Kisah yang disampaikan Pak Burhan, campur aduk antara mitos, legenda, dan fakta. Bagian mana yang sekadar mitos, misalnya orang berbaju hijau yang datang dalam mimpi. Ada mitos yang beredar dan ditanamkan dalam pikiran-pikiran orang Islam bahwa Nabi Muhamad, SAW berbaju hijau dan beliau tidak dapat digambarkan wajahnya karena keagungannya. Untuk memenuhi kerinduan kepada beliau, maka kabarnya bagi orang yang beruntung akan bertemu dengannya dalam mimpi, tandanya beliau berbaju hijau.

Fakta, Pamijahan ada di Cirebon, dan benar ada terowongan. Namun ketika terowongan tersebut digunakan para Wali untuk menembus tanah dan kemudian muncul di Mekah mengikuti shalat Jumat. Kabar penggunaan terowongan untuk jalur menuju Mekah dibuat dalam buku yang dijual di sekitar Pamijahan. Unsur kebenarannya masih harus ditelusuri. Secara fisik, jarak Cirebon-Mekah, jika menggunakan pesawat perlu waktu 9 jam. Bagi yang percaya, hanya dengan memejamkan mata, maka tubuh bisa pindah kemana saja, yang berbicara bukan logika, tapi keyakinan.

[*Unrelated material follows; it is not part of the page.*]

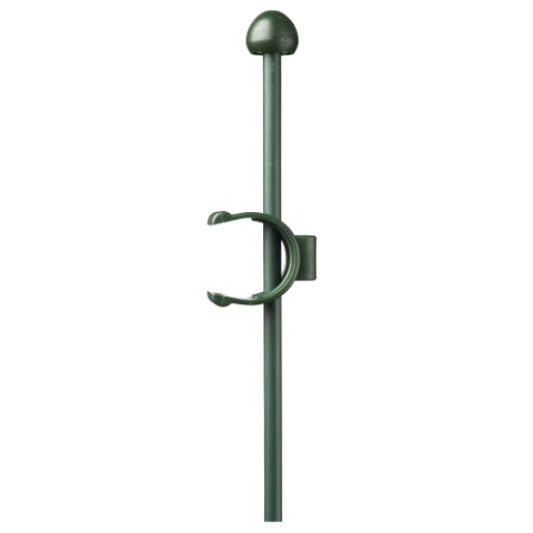 Plant stake with handy adjustable clip for attaching rings. The green plant support is made of durable, galvanised steel that is green PE-coated. The clip makes it possible to attach several rings (of different sizes) to the same plant support. These rings provide support and are ideal for plants with intensive flowering. Dimensions H150 x Ø 8 mm.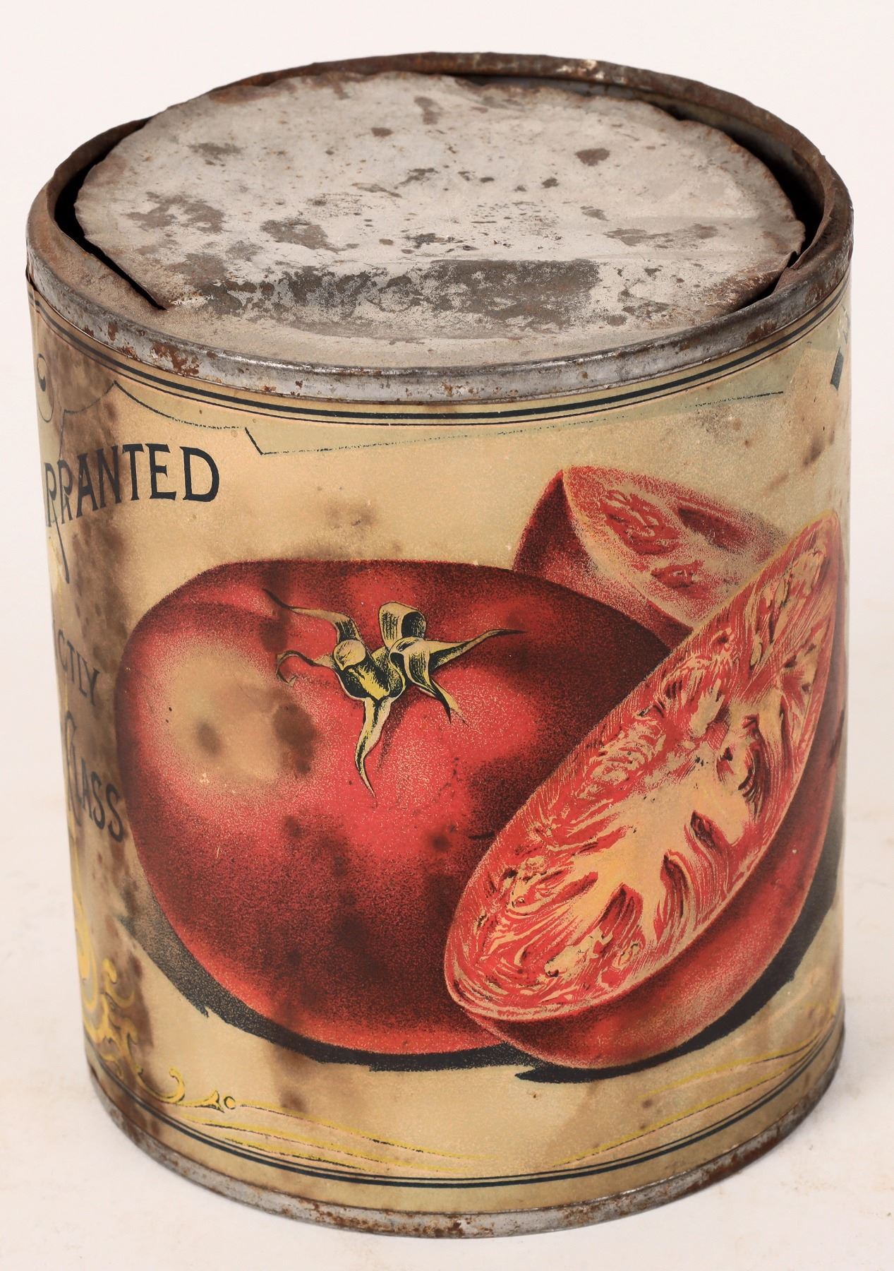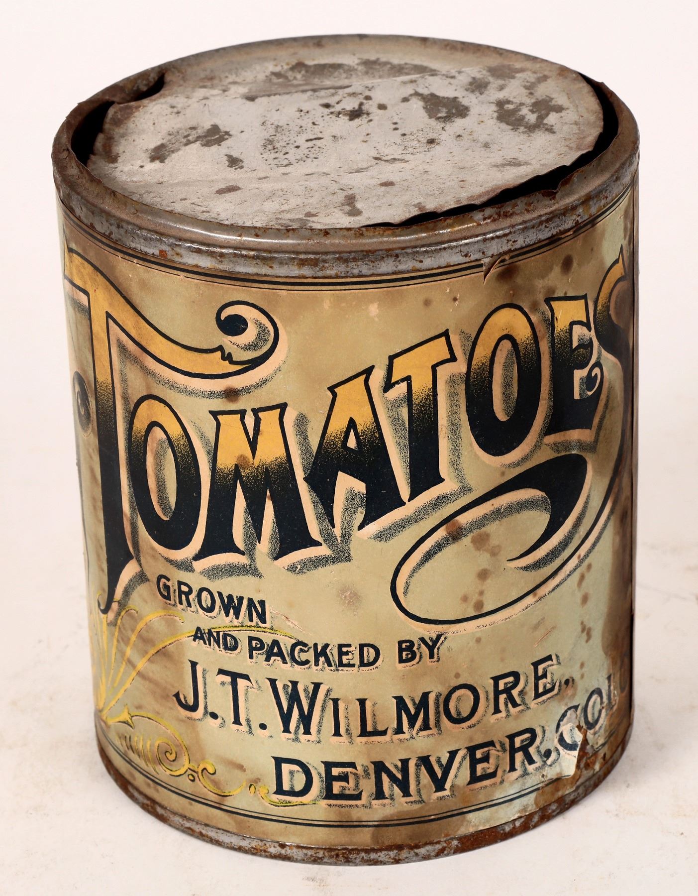 J T Wilmore, Denver, Colo tomatoes tin, 4.75" tall. label has stain, small chip. Colorado Denver Gary Bracken Collection

Banyak kisah-kisah aneh yang beredar di Cianjur, dan memerlukan kajian lanjutan. Semoga siswa saya ada yang berminat menjadi ahli sejarah dan dia mulai mengumpulkan sejarah lokal. Bangsa Indonesia umumnya, termasuk penduduk Cianjur, tidak memiliki catatan sejarah yang jelas. Sejarah yang dibuat di Indonesia, adalah sejarah yang mengikuti kemana Belanda menjajah. Sejarah sebelum Belanda datang, dan bagaimana kerajaan-kerajaan dan bagaimana masyarakat penduduk asli hidup, gelap tidak ada catatannya. Kekhawatiran bangsa ini kehilangan jati diri, telah dimulai dari tidak adanya artefak sejarahnya. Penghilangan ini seolah sengaja. Misalnya, pada jaman tahun 1900an, seorang anak tidak boleh mengenal nama ayah ibunya, dalihnya ‘pamali, doraka’ atau tabu. Akibatnya, setiap anak hanya mengenalh orangtuanya dengan sebutan ayah, aki, buyut, tanpa tahu namanya siapa. Pohon keluarga (family tree) yang membuatk seseorang tahu asal muasalnya hilang.